* _Dataset extract_:
▼

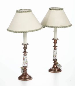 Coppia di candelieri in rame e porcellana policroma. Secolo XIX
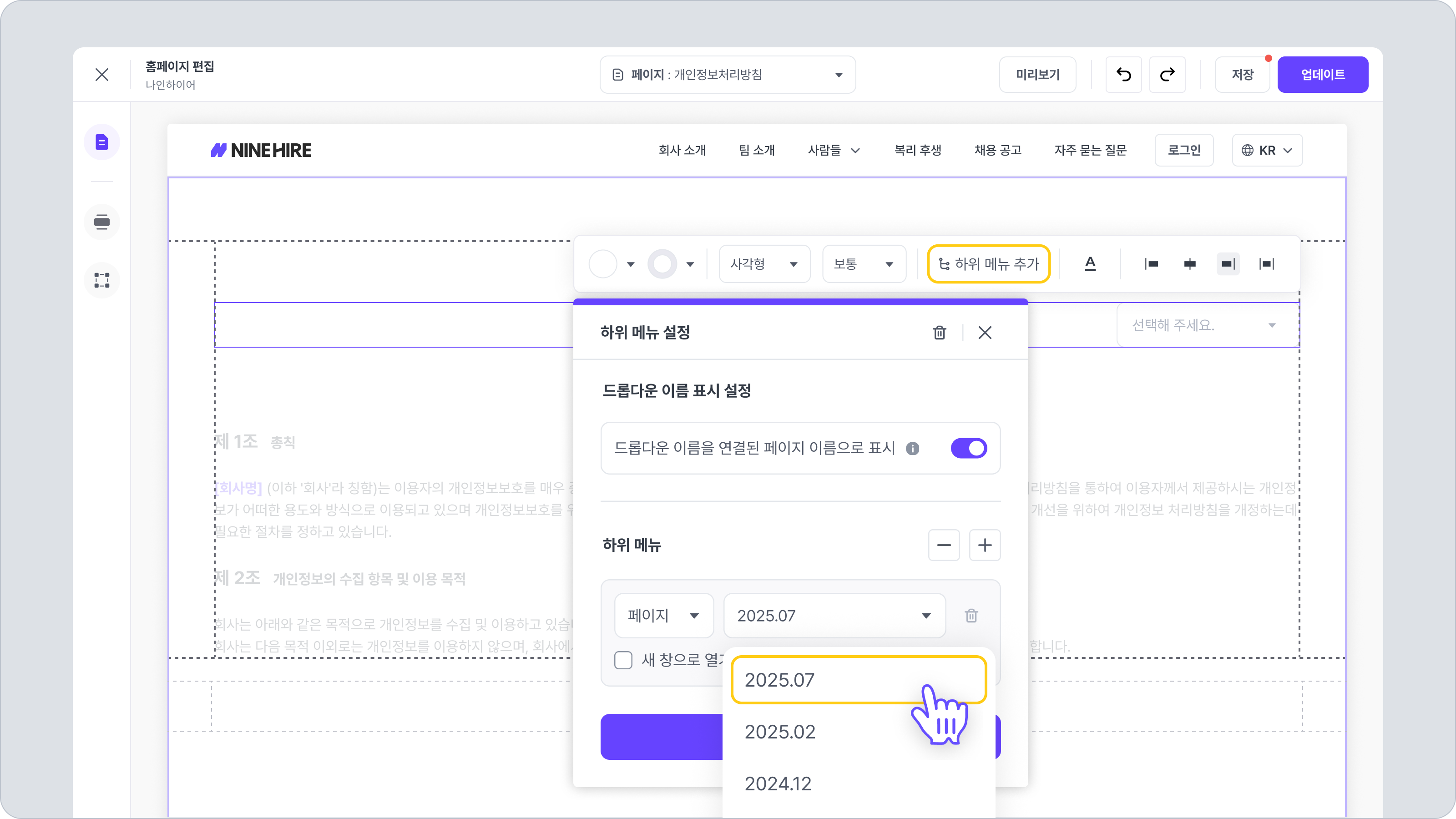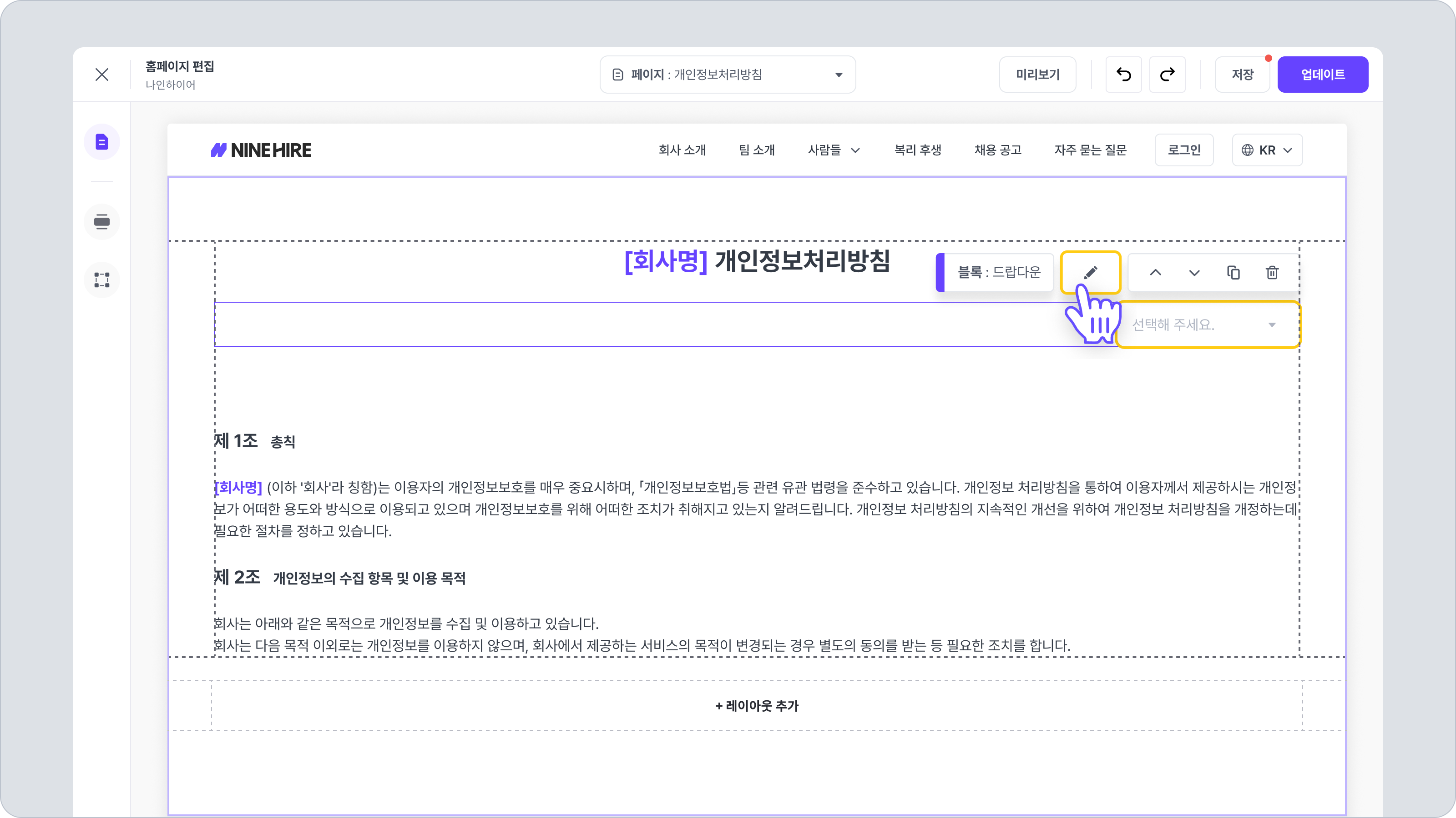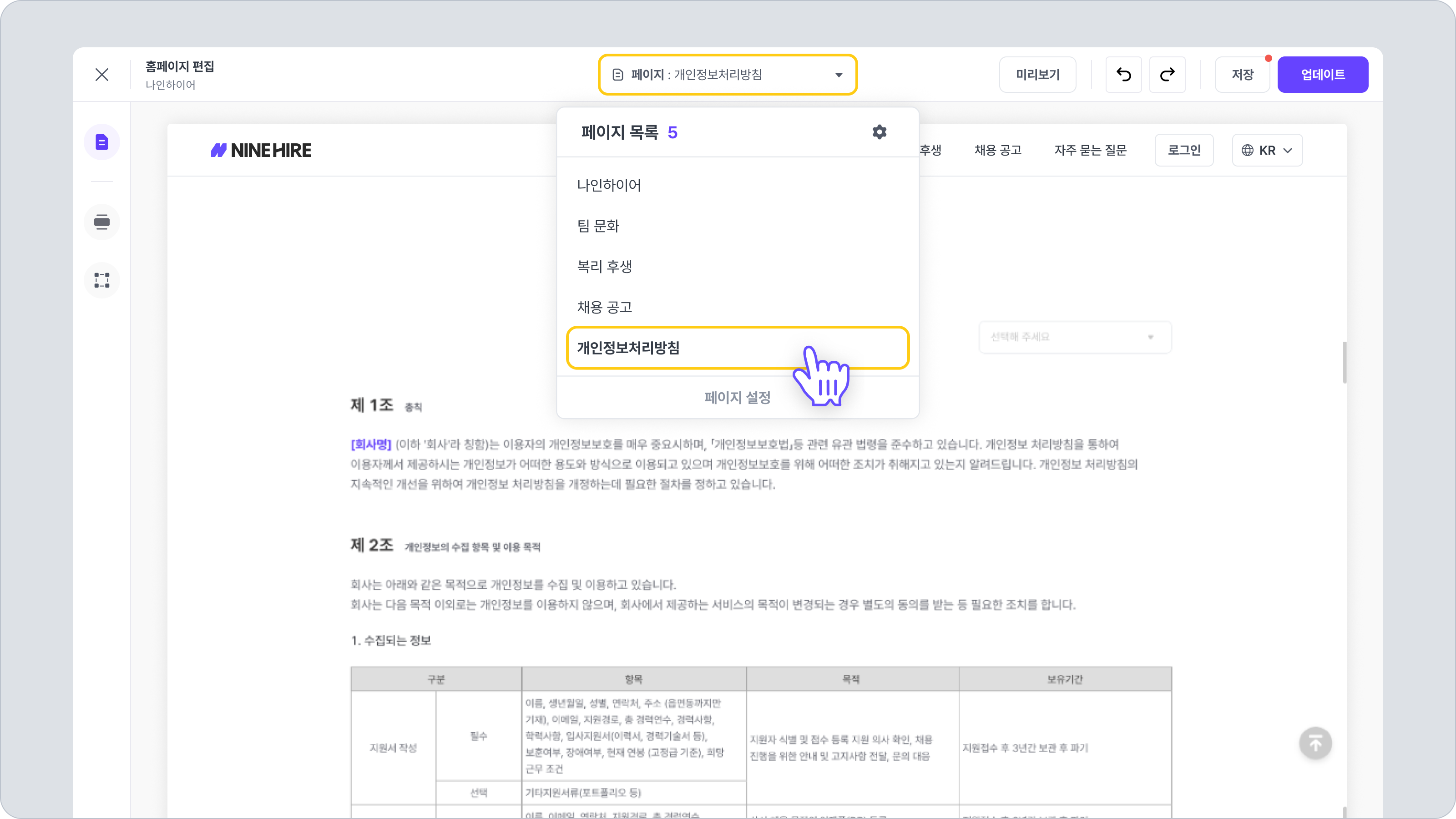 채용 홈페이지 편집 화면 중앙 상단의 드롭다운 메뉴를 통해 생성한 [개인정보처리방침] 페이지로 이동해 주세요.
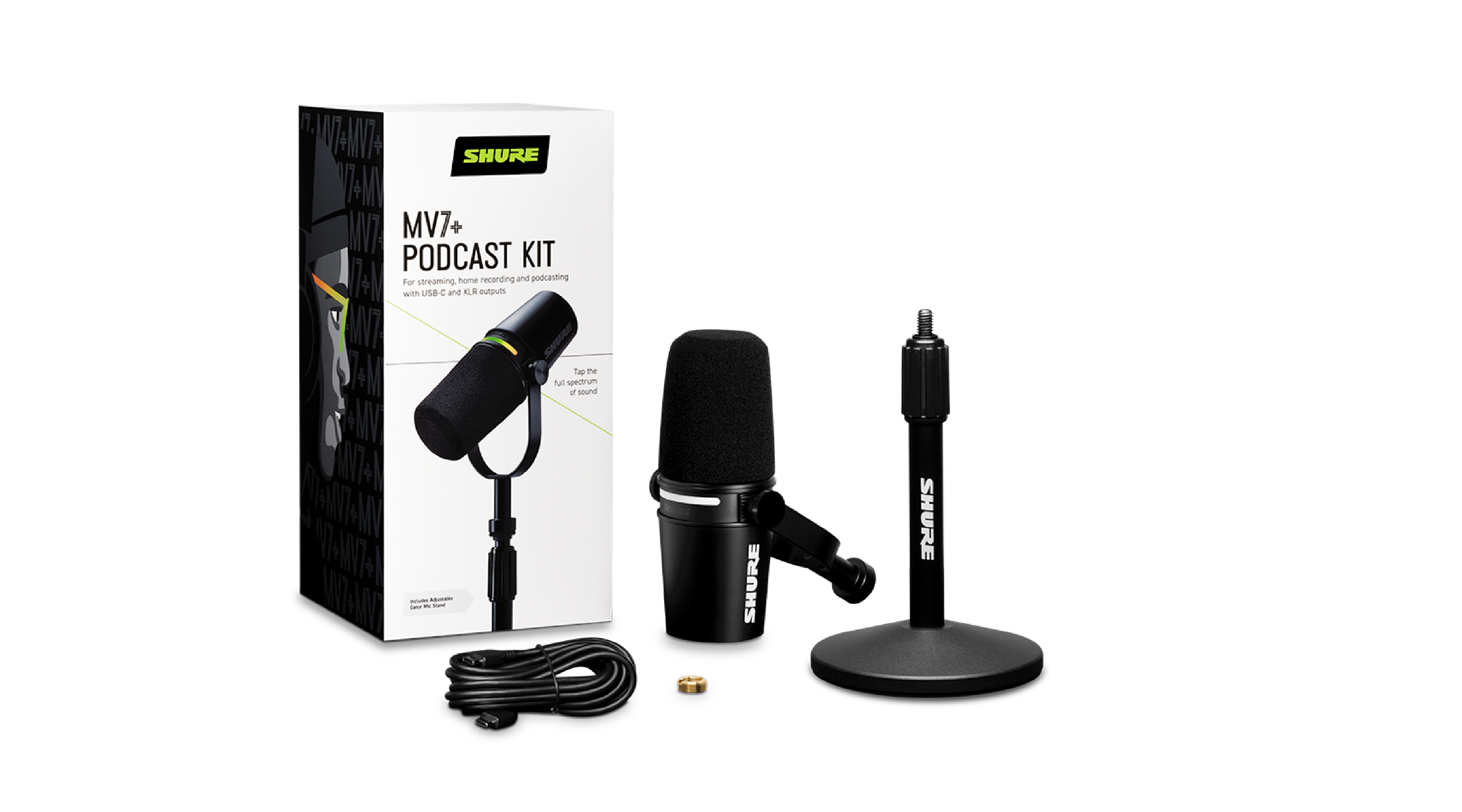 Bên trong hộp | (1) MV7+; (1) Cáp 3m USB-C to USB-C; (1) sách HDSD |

▲

* _The task_:
A faithful copy of all the data above is required, printed exactly and with no pictures.

* _Output of the exercise_:
 Coppia di candelieri in rame e porcellana policroma. Secolo XIX
 채용 홈페이지 편집 화면 중앙 상단의 드롭다운 메뉴를 통해 생성한 [개인정보처리방침] 페이지로 이동해 주세요.
 Bên trong hộp | (1) MV7+; (1) Cáp 3m USB-C to USB-C; (1) sách HDSD |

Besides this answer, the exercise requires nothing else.